_The data:_
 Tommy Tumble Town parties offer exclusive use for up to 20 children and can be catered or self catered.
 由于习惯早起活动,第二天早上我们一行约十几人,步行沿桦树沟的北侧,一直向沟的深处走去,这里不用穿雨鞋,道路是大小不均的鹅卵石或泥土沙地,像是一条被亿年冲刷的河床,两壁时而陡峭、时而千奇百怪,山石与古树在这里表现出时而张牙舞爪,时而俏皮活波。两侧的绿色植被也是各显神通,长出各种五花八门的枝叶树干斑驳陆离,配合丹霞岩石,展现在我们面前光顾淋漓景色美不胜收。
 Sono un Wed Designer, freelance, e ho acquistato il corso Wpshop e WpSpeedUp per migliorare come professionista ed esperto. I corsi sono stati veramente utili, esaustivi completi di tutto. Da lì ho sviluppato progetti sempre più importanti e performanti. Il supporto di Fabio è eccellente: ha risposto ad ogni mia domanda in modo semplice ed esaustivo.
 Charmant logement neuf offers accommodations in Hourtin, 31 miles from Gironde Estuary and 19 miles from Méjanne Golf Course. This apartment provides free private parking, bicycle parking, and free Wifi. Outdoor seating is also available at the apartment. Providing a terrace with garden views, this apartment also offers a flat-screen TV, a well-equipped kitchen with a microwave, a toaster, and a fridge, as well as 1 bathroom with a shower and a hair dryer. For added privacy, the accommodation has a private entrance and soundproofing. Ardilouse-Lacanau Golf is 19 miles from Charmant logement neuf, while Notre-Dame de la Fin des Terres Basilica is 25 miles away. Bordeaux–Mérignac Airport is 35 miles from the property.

--

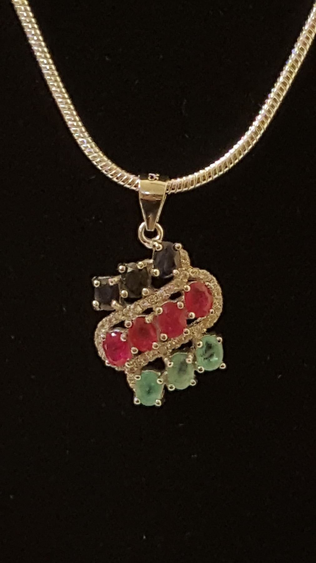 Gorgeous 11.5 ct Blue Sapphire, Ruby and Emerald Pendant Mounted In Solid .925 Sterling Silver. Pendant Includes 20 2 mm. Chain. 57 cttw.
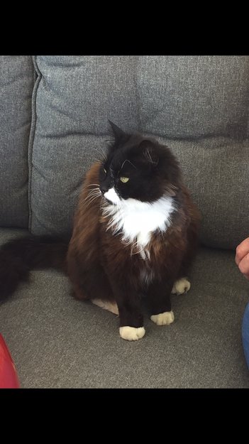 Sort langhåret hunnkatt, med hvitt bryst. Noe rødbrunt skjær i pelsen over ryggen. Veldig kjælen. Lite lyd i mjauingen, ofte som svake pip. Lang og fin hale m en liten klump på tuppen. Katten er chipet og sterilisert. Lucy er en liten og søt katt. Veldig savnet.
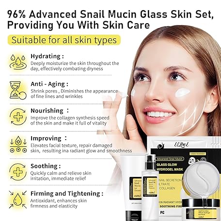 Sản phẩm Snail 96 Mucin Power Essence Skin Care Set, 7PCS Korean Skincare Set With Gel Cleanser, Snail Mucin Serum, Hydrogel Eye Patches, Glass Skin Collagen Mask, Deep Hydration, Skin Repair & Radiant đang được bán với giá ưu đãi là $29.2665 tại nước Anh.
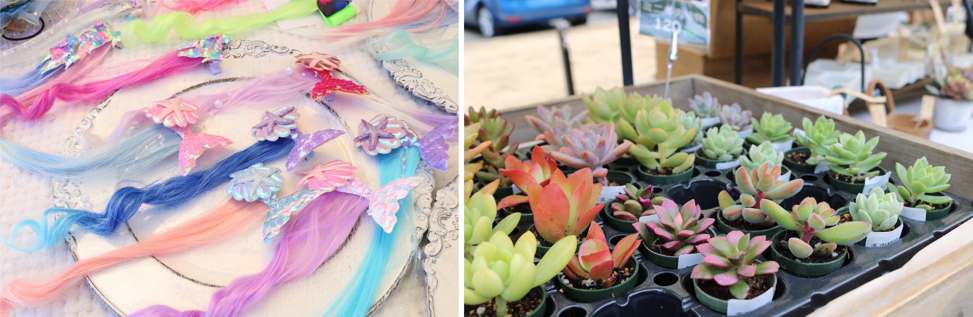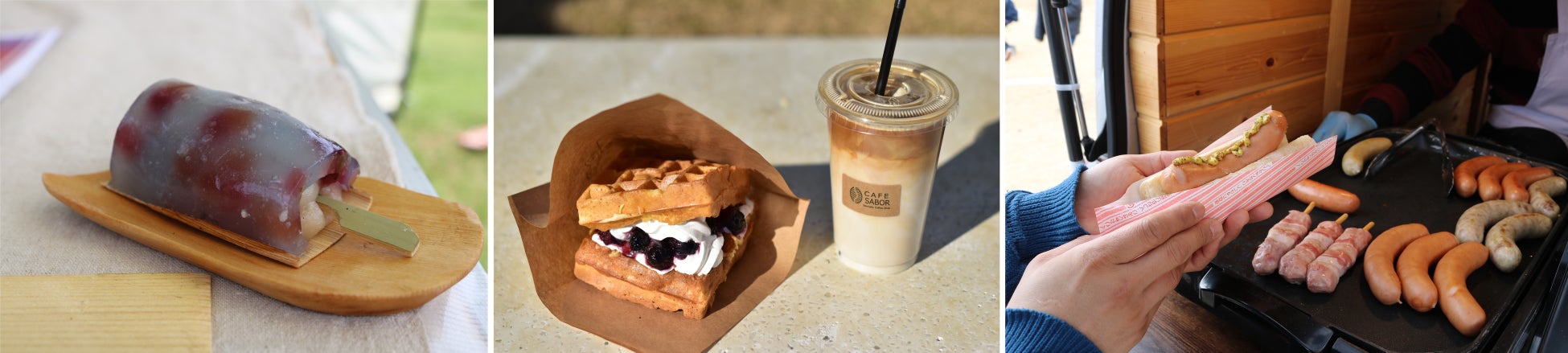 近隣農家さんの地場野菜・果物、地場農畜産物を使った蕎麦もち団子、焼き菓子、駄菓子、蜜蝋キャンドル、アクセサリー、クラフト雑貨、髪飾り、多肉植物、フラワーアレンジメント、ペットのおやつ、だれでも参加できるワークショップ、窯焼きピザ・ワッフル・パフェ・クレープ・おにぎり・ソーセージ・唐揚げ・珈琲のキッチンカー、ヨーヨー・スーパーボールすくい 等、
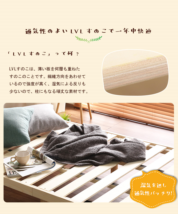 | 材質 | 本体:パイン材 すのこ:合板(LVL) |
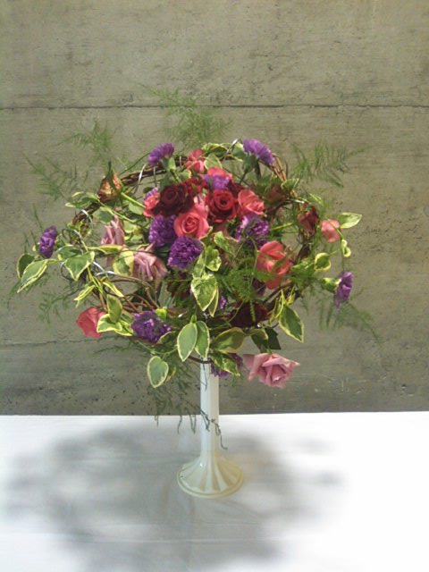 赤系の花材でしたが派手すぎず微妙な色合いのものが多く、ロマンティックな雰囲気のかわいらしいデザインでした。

---

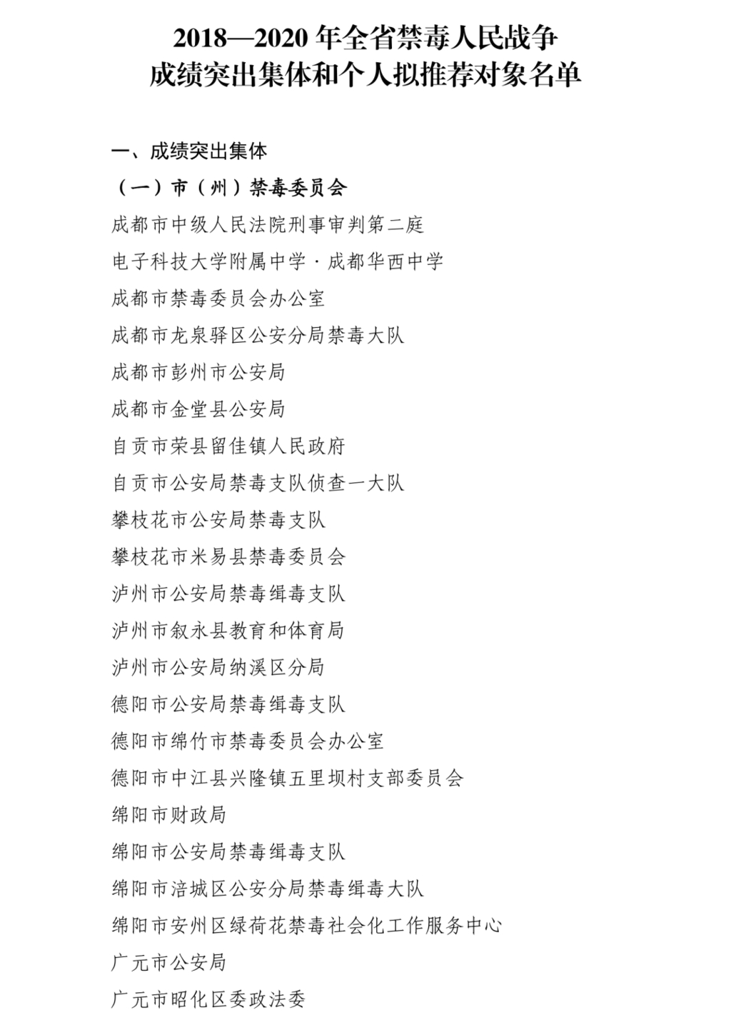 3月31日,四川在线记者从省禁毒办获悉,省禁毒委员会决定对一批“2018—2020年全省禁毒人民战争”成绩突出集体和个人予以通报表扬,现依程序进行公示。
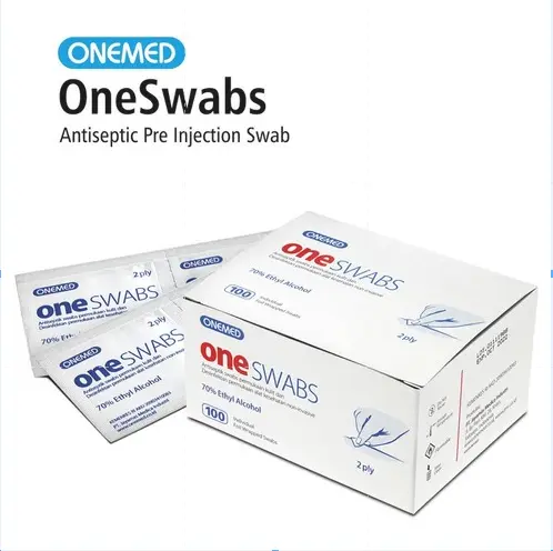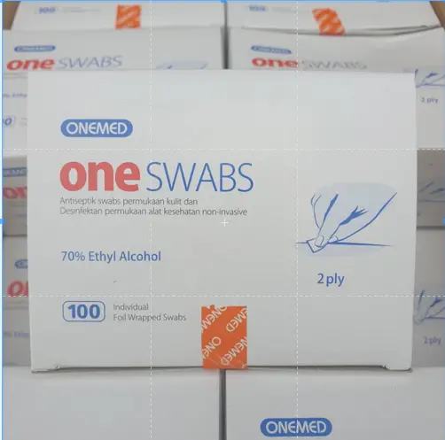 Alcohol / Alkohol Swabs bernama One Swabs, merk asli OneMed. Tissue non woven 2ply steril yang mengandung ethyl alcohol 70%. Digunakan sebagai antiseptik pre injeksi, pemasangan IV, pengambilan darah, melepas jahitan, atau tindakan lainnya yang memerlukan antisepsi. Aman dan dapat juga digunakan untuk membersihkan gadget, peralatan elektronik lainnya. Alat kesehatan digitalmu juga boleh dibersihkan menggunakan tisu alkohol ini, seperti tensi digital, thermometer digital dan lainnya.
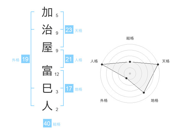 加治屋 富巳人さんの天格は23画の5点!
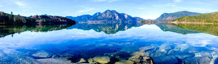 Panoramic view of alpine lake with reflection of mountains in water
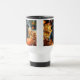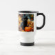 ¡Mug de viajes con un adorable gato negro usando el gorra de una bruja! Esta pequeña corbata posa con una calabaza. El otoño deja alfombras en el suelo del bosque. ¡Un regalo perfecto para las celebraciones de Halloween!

_Activity:_
In the entries above, find the line with "Tommy Tumble Town" and the line with "Charmant logement neuf offers", then set down exactly those two and every line between them, nothing else.

_The answer:_
 Tommy Tumble Town parties offer exclusive use for up to 20 children and can be catered or self catered.
 由于习惯早起活动,第二天早上我们一行约十几人,步行沿桦树沟的北侧,一直向沟的深处走去,这里不用穿雨鞋,道路是大小不均的鹅卵石或泥土沙地,像是一条被亿年冲刷的河床,两壁时而陡峭、时而千奇百怪,山石与古树在这里表现出时而张牙舞爪,时而俏皮活波。两侧的绿色植被也是各显神通,长出各种五花八门的枝叶树干斑驳陆离,配合丹霞岩石,展现在我们面前光顾淋漓景色美不胜收。
 Sono un Wed Designer, freelance, e ho acquistato il corso Wpshop e WpSpeedUp per migliorare come professionista ed esperto. I corsi sono stati veramente utili, esaustivi completi di tutto. Da lì ho sviluppato progetti sempre più importanti e performanti. Il supporto di Fabio è eccellente: ha risposto ad ogni mia domanda in modo semplice ed esaustivo.
 Charmant logement neuf offers accommodations in Hourtin, 31 miles from Gironde Estuary and 19 miles from Méjanne Golf Course. This apartment provides free private parking, bicycle parking, and free Wifi. Outdoor seating is also available at the apartment. Providing a terrace with garden views, this apartment also offers a flat-screen TV, a well-equipped kitchen with a microwave, a toaster, and a fridge, as well as 1 bathroom with a shower and a hair dryer. For added privacy, the accommodation has a private entrance and soundproofing. Ardilouse-Lacanau Golf is 19 miles from Charmant logement neuf, while Notre-Dame de la Fin des Terres Basilica is 25 miles away. Bordeaux–Mérignac Airport is 35 miles from the property.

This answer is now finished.